Zach is an MA student in Philosophy at the New School for Social Research. His research interests include the aesthetics of theatrical magic, the history of sorcery and witchcraft in the medieval and early modern periods, and how magical thinking is utilized in socio-political spheres in the twenty-first century.

A post by Zach Kohler

There is something strange about the experience of theatrical magic. Anyone who has watched a good magic trick knows the feeling—it presents itself without fanfare, yet leaves us with the troubled sense that something about the world we take for granted has briefly been unsettled. This post asks what kind of imaginative engagement makes such an experience possible. Against accounts that assimilate magic either to fictional make-believe or to the presentation of known impossibilities, I contend that theatrical magic ought to operate on what I call the cusp of impossibility: a liminal modal space in which events are experienced as radically implausible without being decisively foreclosed as impossible. My claim is that while magic may, and often does, present itself as outright impossible, its most compelling and aesthetically successful instances do not. Drawing on Kendall Walton’s theory of make-believe, Jason Leddington’s alief-based account of illusion, and Richard Moran’s distinction between hypothetical and dramatic imagination, I argue that imagination plays an essential role in magic—not by transporting spectators into a fictional world, but by enabling a resisted, emotionally charged way of relating to our own.

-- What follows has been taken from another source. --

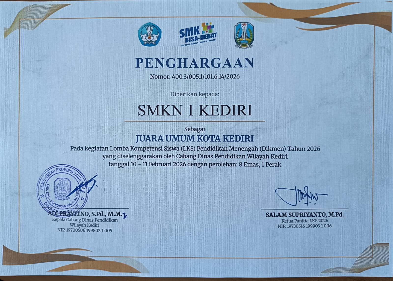 KEDIRI – SMK Negeri 1 Kota Kediri kembali mengukuhkan posisinya sebagai sekolah unggulan di wilayah Jawa Timur khususnya di wilayah Kediri. Dalam ajang bergengsi Lomba Kompetensi Siswa (LKS) tingkat Cabang Dinas Pendidikan (Cabdin) Wilayah Kediri yang baru saja usai, sekolah ini resmi dinobatkan sebagai Juara Umum.
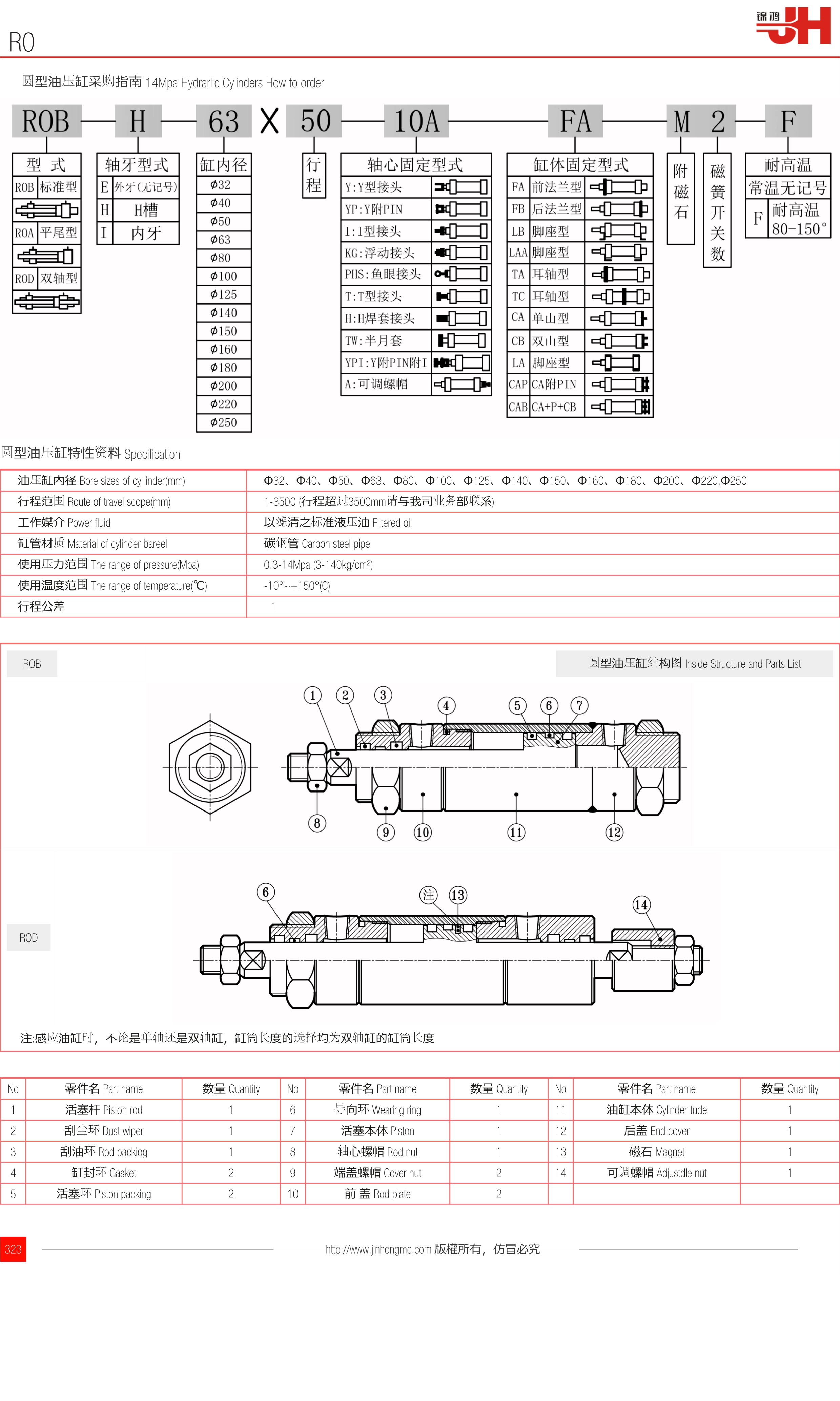 油壓缸內徑 Bore sizes of cy linder(mm) | Φ32、Φ40、Φ50、Φ63、Φ80、Φ100、Φ125、Φ140、Φ150、Φ160、Φ180、Φ200、Φ220,Φ250 |

The debate centers around Kendall Walton’s theory of make-believe. In Mimesis as Make-Believe (1990), Walton explains many art forms in terms of games of make-believe, in which real objects function as “props” that generate fictional truths. In theatre, for example, a wooden stage may count as a ship at sea within the fiction. Some have suggested that magic can be understood along similar lines. Spectators imaginatively participate in scenarios where physical laws are bent or suspended, and ordinary objects such as cards or coins serve as props within a fictional world. Yet this division between fictional worlds and real representations falters in the case of magic, since a magic performance uses real, perceptually present objects, not fictional stand-ins.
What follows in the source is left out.